プレート1をプレート2に交換し、スポッティングプログラムを続行します。4つの象限すべてが発見され、スポットが乾いたら、スライドチャンバーカバーを交換し、装置を裏返します。スライドチャンバーの上面にスライドガラスを置きます。

まず、スライドチャンバーを顕微鏡にロードします。タイムラプス顕微鏡は、カスタム設計のスクリプトを実行することによって実行されます。シャッターをクリックして透過光シャッターを開き、フォーカスボタンで高いカメラレートを開始します。

「Go Origin」をクリックし、ステージを動かして寒天に打ち抜かれたオリジンマークを見つけ、少し右に移動してエリアE7で発見された細胞に焦点を合わせます。原点パンチに戻り、視野の中央に配置します。「設定」ボタンを押して、原点をこの値に設定します。

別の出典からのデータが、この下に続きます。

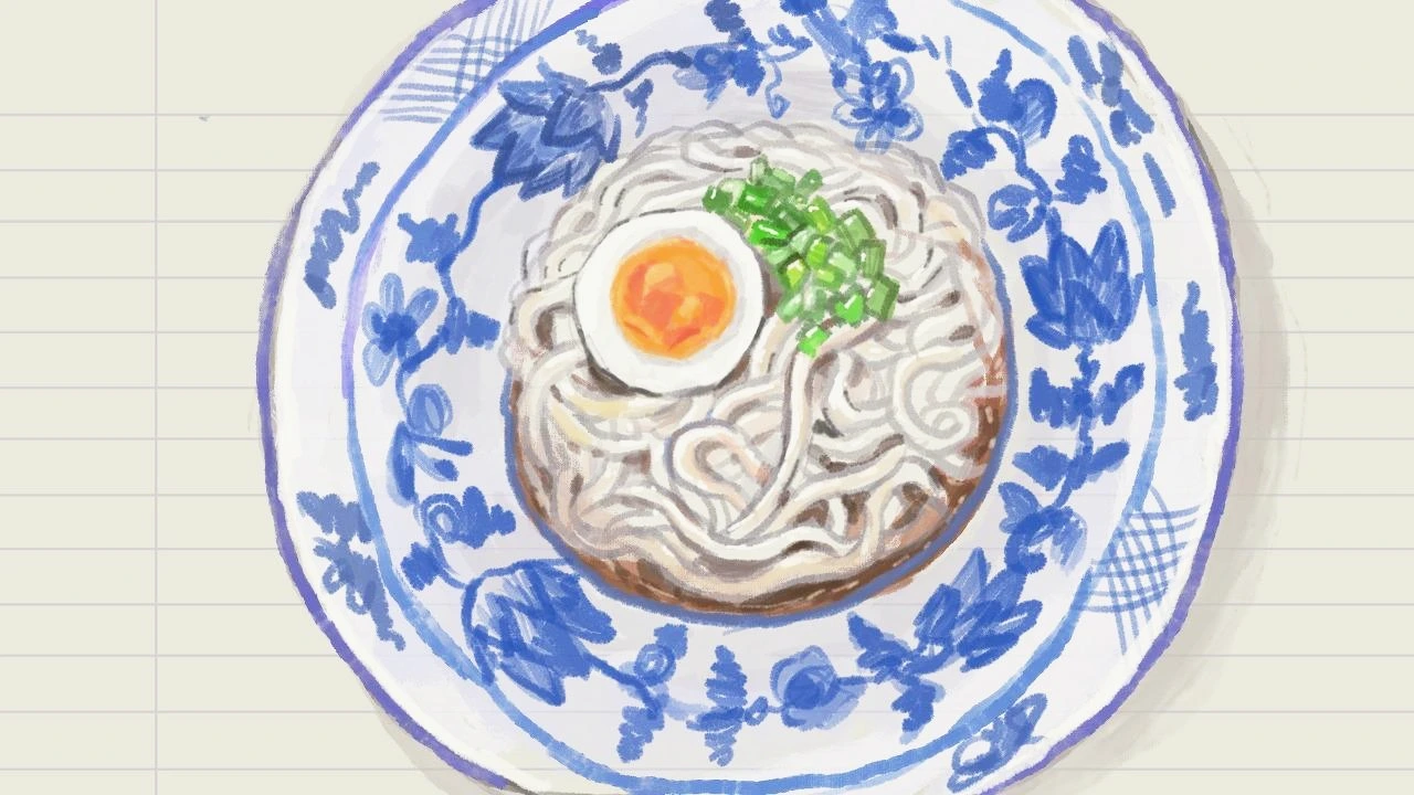 잡지책을 보다가음식에 대한 이야기와 함께 여름국수가 나왔다.사진으로만 본 여름국수 그래도 맛있어 보였다. 여름국수를 담은대접 멋있어서 그림으로 그려보았다.

H18の位置に移動し、その位置に最も近い六角ネジを使用して焦点を合わせます。

次に、L7の位置に移動し、その位置に最も近い六角ネジを使用して焦点を合わせます。最後に、E7の位置に移動し、その位置に最も近い六角ネジを使用して焦点を合わせます。スポットE12、H12、L12の中央と端のフォーカスを確認し、z値で示されるフォーカスz値がオートフォーカス範囲よりも大きい場合は、オートフォーカス範囲を調整します。

「リセット」ボタンを押してから、ODELAYを押します。データを保存するディレクトリを選択します。顕微鏡は、48時間またはプログラムが終了するまでデータを収集します。

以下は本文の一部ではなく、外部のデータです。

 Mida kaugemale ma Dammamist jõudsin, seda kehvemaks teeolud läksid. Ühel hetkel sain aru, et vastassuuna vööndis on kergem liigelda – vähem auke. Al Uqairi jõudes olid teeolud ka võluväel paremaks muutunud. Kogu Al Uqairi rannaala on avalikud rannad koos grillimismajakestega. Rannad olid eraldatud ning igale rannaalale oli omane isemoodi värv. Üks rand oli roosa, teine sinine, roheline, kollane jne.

これらの代表的なタイムラプス画像は、スポッティング後0時間、3時間後、6時間後、9時間後に固体培地で増殖する酵母細胞を示しています。ここに示されているのは、タイムラプス画像を処理した後の2つの酵母株を比較した代表的なデータセットです。比較的均一な倍増時間は、十分に準備されたアガローススライドを反映していますが、オートフォーカス設定が最適ではないため、遅延時間はかなり異なります。

ここでは、より一貫性のあるデータ セットが示されており、すべての倍増時間がうまく重なり、遅延時間が一貫しているように見えます。一度マスターすれば、ODELAYのセットアップは適切に行えば3〜4時間で完了します。再現性のあるODELAY測定のための最も重要なステップは、メディアを一貫して準備し、スライドを分離する際にメディアが機械的に変形しないようにすることです。

ODELAYは非常に感度の高いアッセイです。例えば、一般的に使用されるスポットベースのアッセイでは、成長欠陥を明らかにするために37°Cで酵母を培養する必要がある室温で、温度感受性酵母株の増殖欠陥を観察することができます。ODELAYは酵母で開発されましたが、この方法は病原体を含むあらゆるコロニー形成生物に適用でき、微生物の振る舞いを理解するために幅広い環境および遺伝的条件を探索します。

このビデオを見れば、固体培地上にコロニーを形成する単細胞微生物の成長表現型を測定するためのODELAYの実行方法について十分に理解できるはずです。微生物を扱うことは危険である可能性があり、研究対象の生物に適した個人用保護具を着用するなどの予防措置を常に講じる必要があることを忘れないでください。